Overview
This model, mpasila/shisa-v2-JP-EN-Translator-v0.1-12B, is a 12 billion parameter language model developed by mpasila. It is fine-tuned from the shisa-ai/shisa-v2-mistral-nemo-12b base model, specifically engineered for Japanese-to-English translation tasks. The training utilized NilanE/ParallelFiction-Ja_En-100k dataset, with an initial release based on 191 conversation examples.
Key Capabilities
- Specialized Translation: Primarily designed for accurate Japanese to English translation.
- Context Window: Supports a substantial context window of 32768 tokens, allowing for longer translation inputs.
- ChatML Format: Uses the ChatML format, with a recommended system prompt:
You are an AI assistant that translates Japanese to English accurately. - Efficient Training: Trained using QLoRA with 128 rank and 32 alpha, leveraging Unsloth and Huggingface's TRL library for faster training.
Training Details
The model was trained on a dataset comprising 191 conversations, totaling 918,486 tokens.

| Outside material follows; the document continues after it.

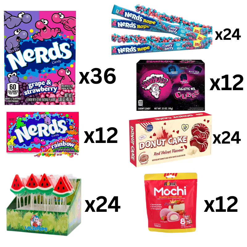 Mini acadele Felko Pepene, 17g x 24Bomboane Nerds cu aroma de struguri si capsuni 46,7gr. x 36
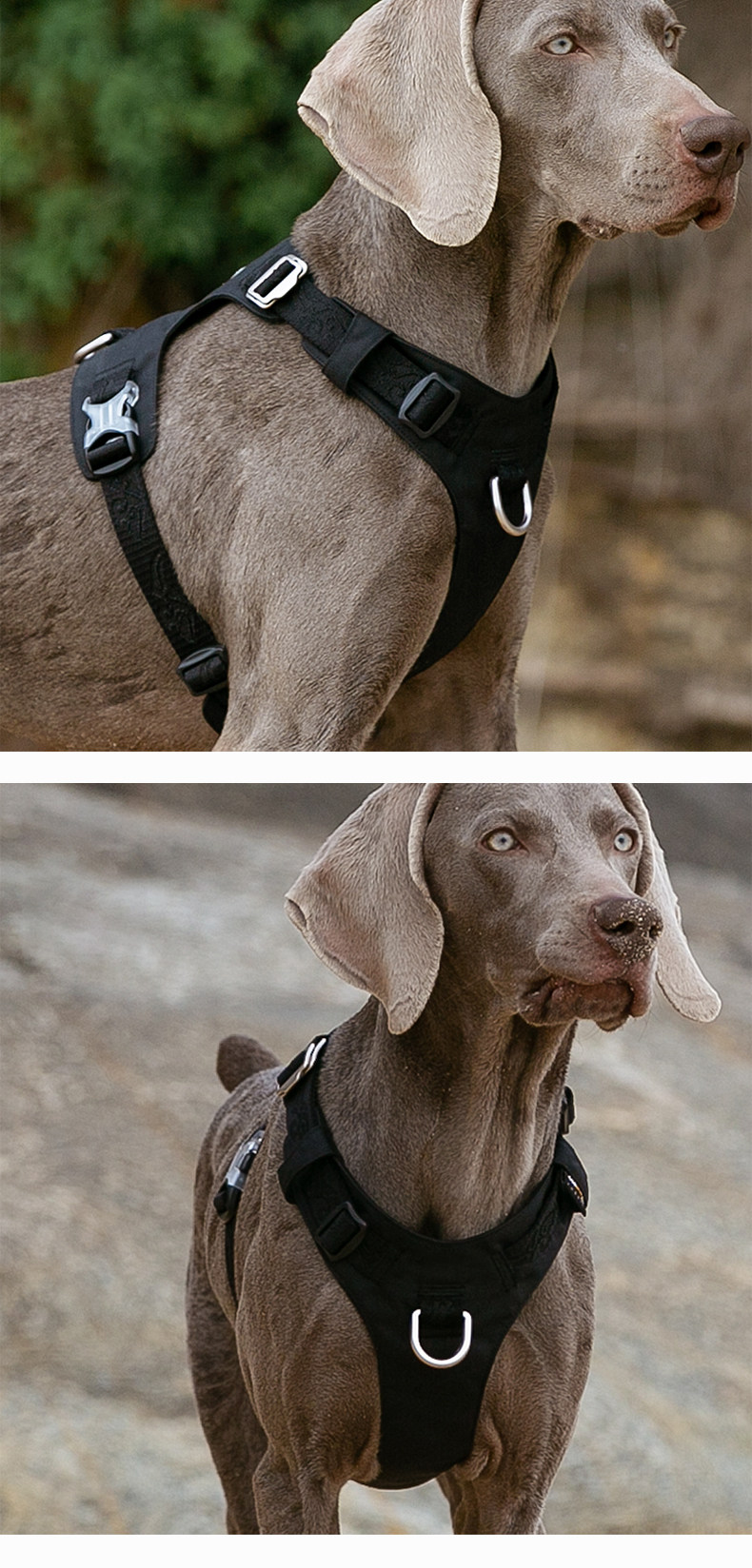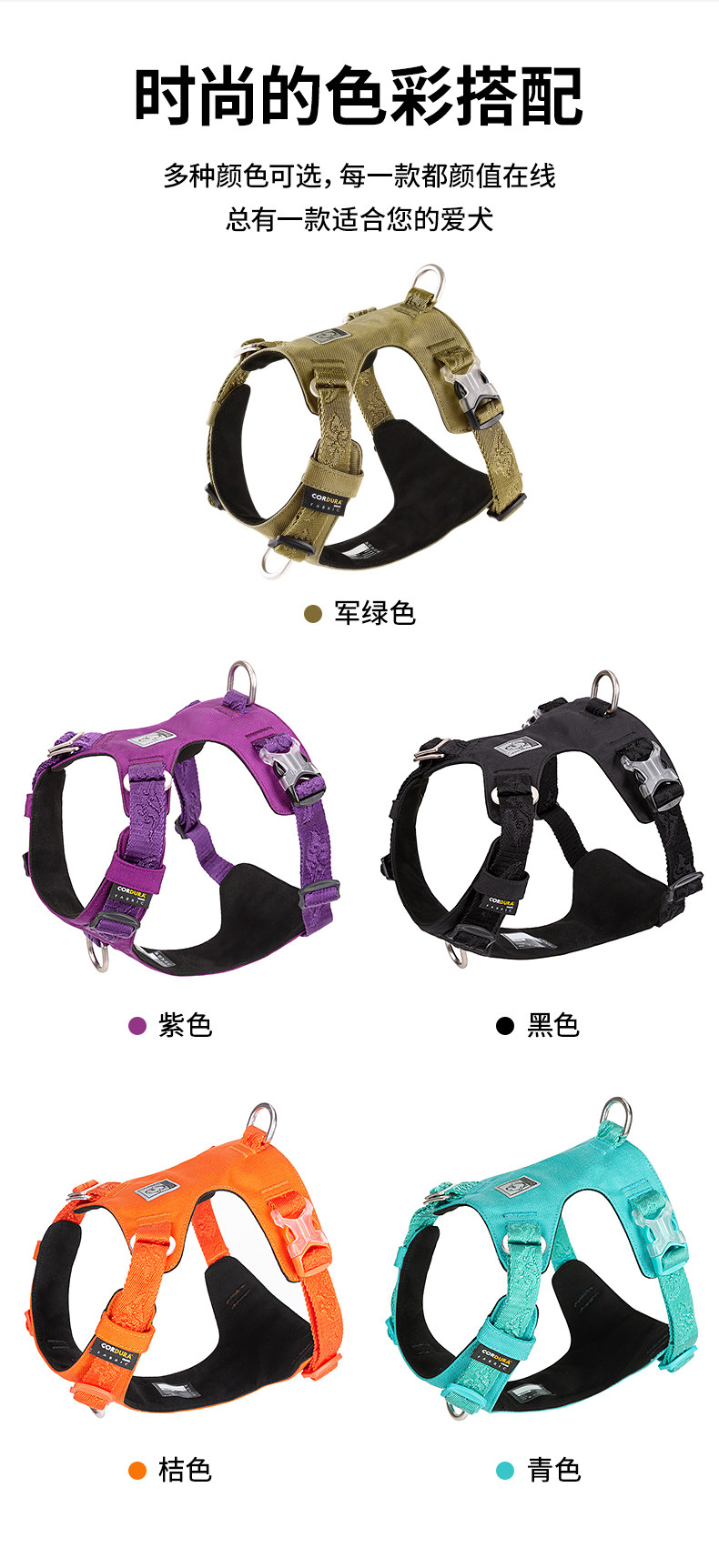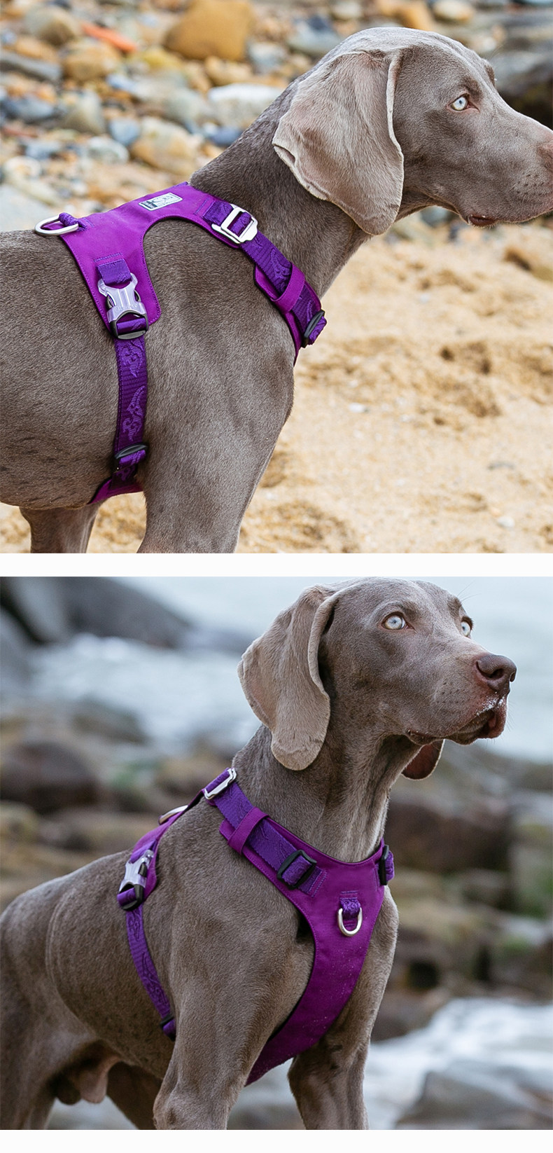 Applicable size Chest and back 2XS traction rope S, bust 30-35cm, 1-3kg recommended,Harness XS Leash S Bust 33-43cm, 2-5kg recommended,Harness S, Leash S, Bust 43-56cm, recommended 4-7kg,Harness M, Leash M, Bust 56-69cm, 7-18kg recommended,Chest and back L Traction rope L Bust 69-81cm, recommended 18-30kg,Harness XL Leash L Bust 81-107cm, recommended 30-50kg

The average conversation length was approximately 4808 tokens, with a maximum of 13431 tokens. The token distribution highlights a significant focus on human and assistant messages, making it well-suited for conversational translation scenarios.
Good For
- Developers requiring a dedicated model for Japanese-to-English translation.
- Applications needing to process and translate longer Japanese texts into English.
- Integration into systems where accurate, context-aware translation is critical.